Государь подошел к машине и сел позади шофера. Машина, выпустив струю синеватого дыма, медленно тронулась. Есаул скомандовал спешившимся казакам: «По коням», – и полусотня поскакала вслед за машиной. Этот участок пути с частыми крутыми поворотами был наиболее сложным, и шоферу приходилось все время притормаживать машину и быть начеку. Слева показалась скалистая Екатерин-гора – силуэт ее удивительно напоминал профиль Екатерины Великой – и белые домики татарского горного селения Демерджи. Наконец спуск с перевала кончился, и машина въехала в аллею с высокими темно-зелеными кипарисами и виноградниками по обеим сторонам дороги. У самого въезда в Алушту около дороги стояла толпа горожан, встречающая Государя. Машина остановилась примерно в ста метрах от горожан.

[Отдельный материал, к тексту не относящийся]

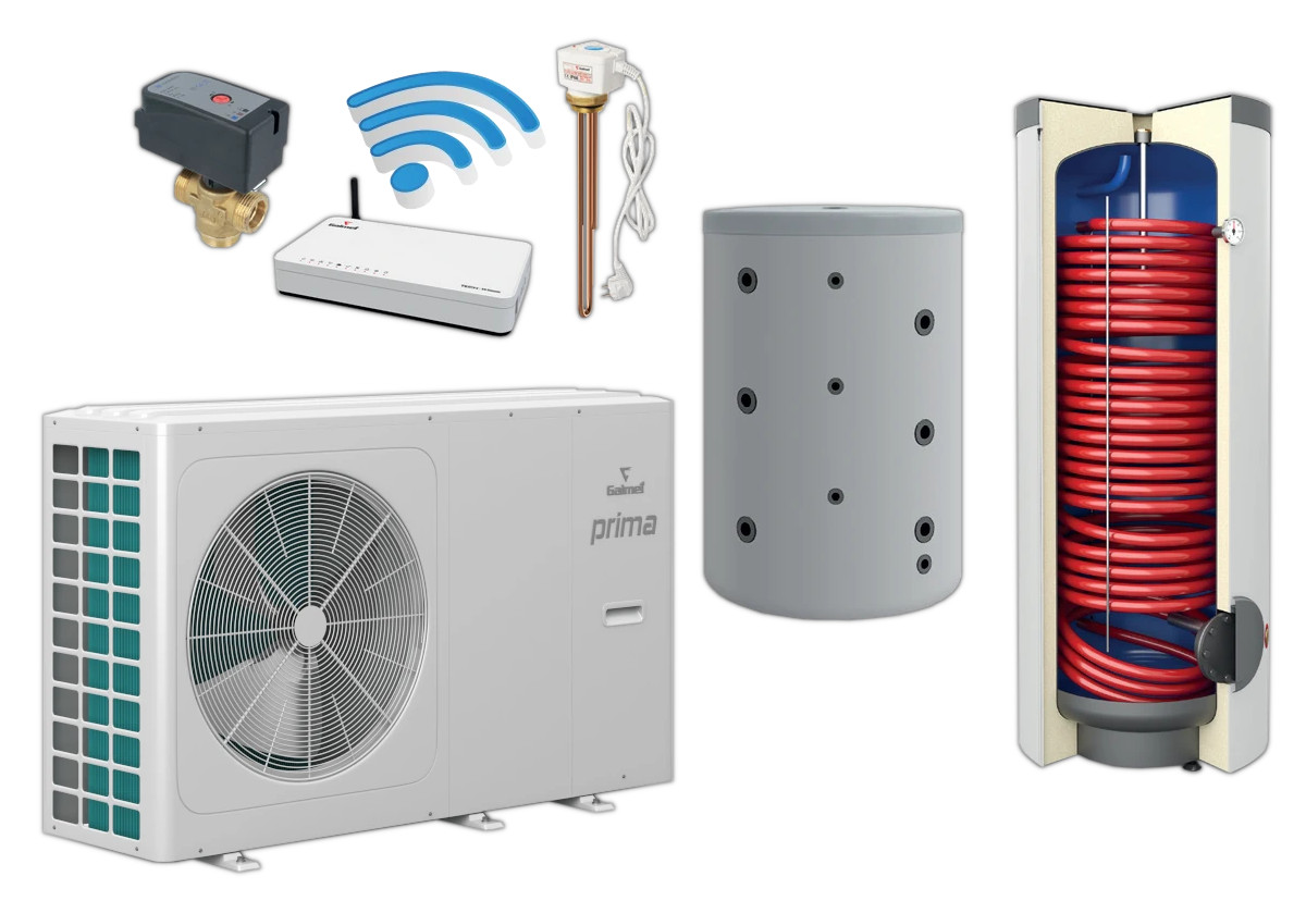Galmet Zestaw pompa ciepła Prima 3F 12GT monoblok + wymiennik SGW(S) 300 + bufor SG(B) 200 + centrala Sinum + dodatki Kod SG-000078S
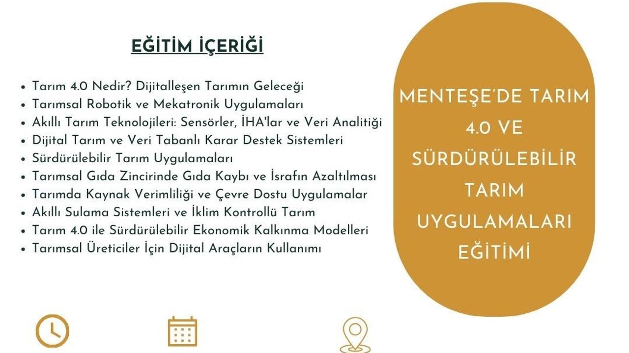 Menteşe Belediyesi tarafından yürütülen ve Muğla Büyükşehir Belediyesi ile Menteşe Ziraat Odası ortaklığında gerçekleştirilecek olan "Menteşe’de Tarım 4.0 ve Sürdürülebilir Tarım Uygulamaları" eğitimi, Güney Ege Kalkınma Ajansı (GEKA) Teknik Destek Programı kapsamında 21 Nisan 2025 Pazartesi günü başlıyor. Eğitimler, Konakaltı İskender Alper Kültür Merkezi’nde iki gün boyunca sürecek.
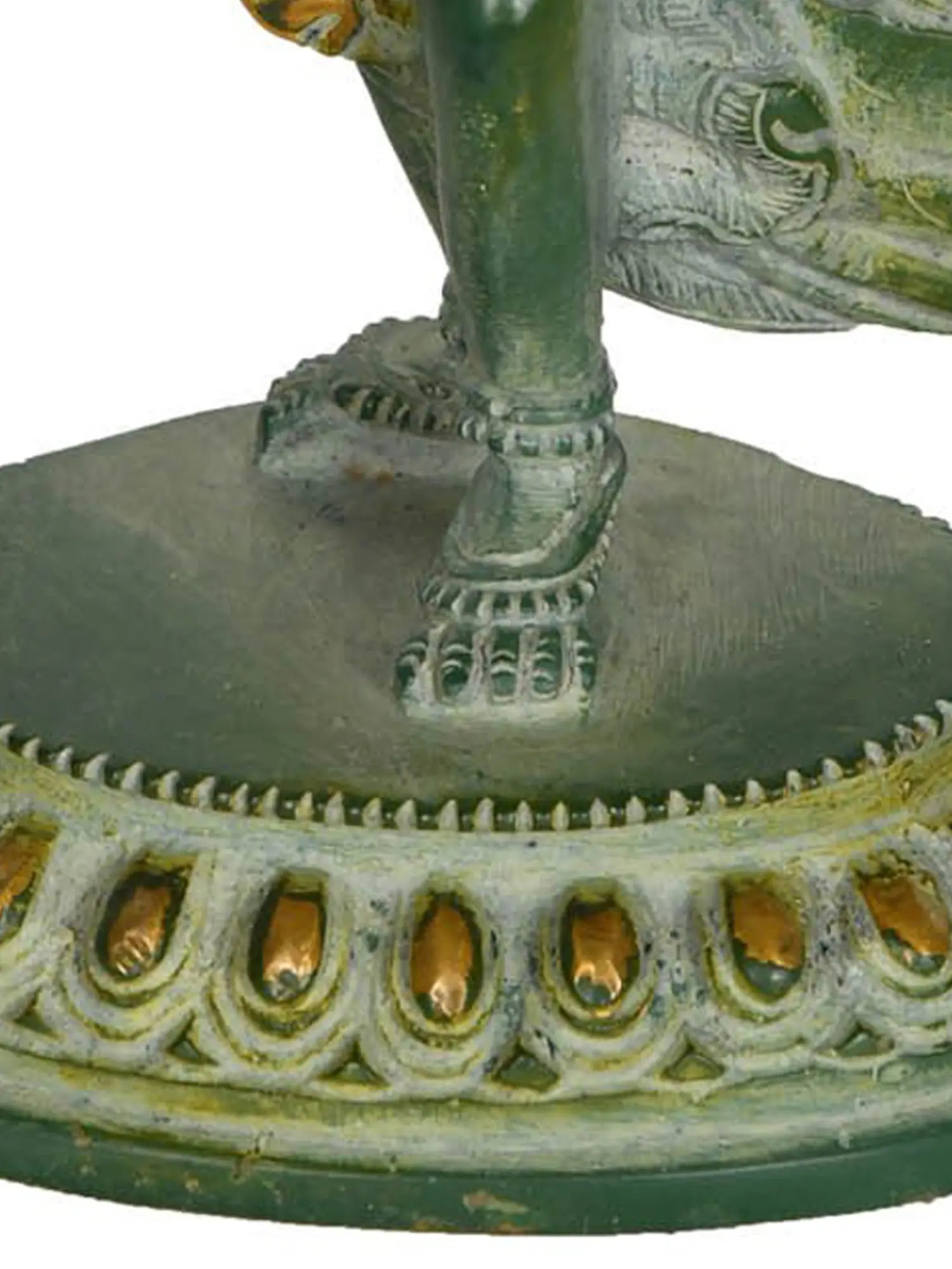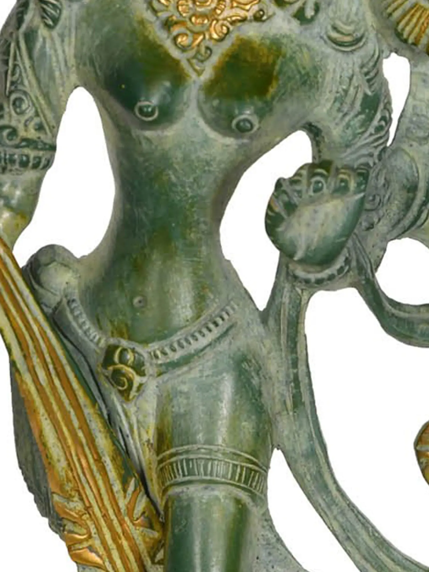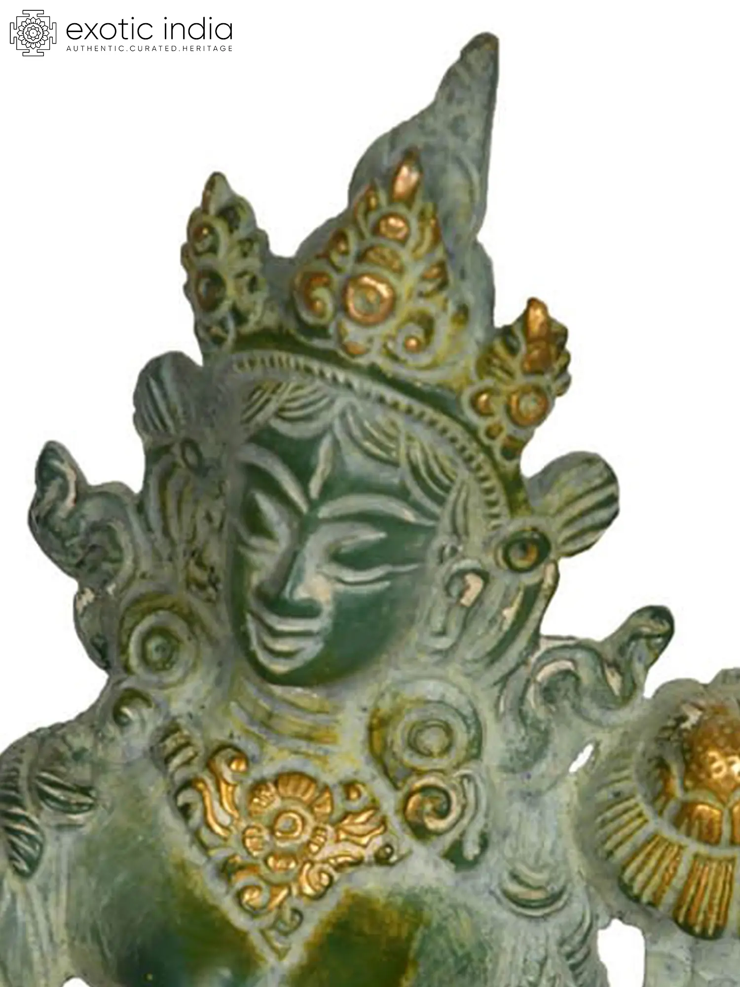 Crafted with meticulous detail in India, this brass statue is a testament to the enduring tradition of Indian craftsmanship. The use of brass, a durable and lustrous metal, lends a timeless quality to the artwork, symbolizing permanence and spiritual richness. The green patina, often achieved through natural aging or intentional treatment, evokes the verdant aspect of Tara, symbolizing her life-giving and nurturing qualities, much like the lush foliage that supports all life. The golden accents, strategically placed on her crown, jewelry, and the lotus she holds, highlight her divine status and her radiant inner light. Each fold of her garment, the delicate ornamentation, and the serene expression on her face are rendered with an artist's keen eye, inviting contemplation and devotion. The posture of Tara in this sculpture is significant. Her left leg is slightly bent, and her right leg is extended, giving the impression of gentle movement. This stance is often interpreted as Tara stepping forward to offer assistance or as her readiness to respond to prayers. In her left hand, she may hold the stem of a lotus, symbolizing purity, growth, and her ability to rise above the mundane world. Her right hand is often depicted in the *varada mudra*, the gesture of giving or boon-granting, extending outward in an offering of blessings and protection. The intricate crown and adornments further signify her royal lineage and her role as a spiritual queen, guiding devotees on the path to liberation. ––––––––––

Государь вышел из машины и, приняв от камердинера серебряный стаканчик, подошел к фонтану с горной ключевой водой. Он подставил стакан под ледяную хрустальную струю воды и с удовольствием выпил два стакана, утолив жажду. Горожане, тем временем, торопливо спешили к машине. Впереди всех бежала девочка в белом платье с подносом в руках, на котором лежали хлеб-соль. Щеки ее зарумянились, черные кудри с красным бантом растрепались и падали на глаза. Она подошла к Государю и, слегка присев, подала ему поднос с хлебом-солью. Государь милостиво принял подношение и передал камердинеру. Обернувшись и взглянув на девочку, он был поражен ее ослепительной южной красотой. Маленькой красавице было лет двенадцать.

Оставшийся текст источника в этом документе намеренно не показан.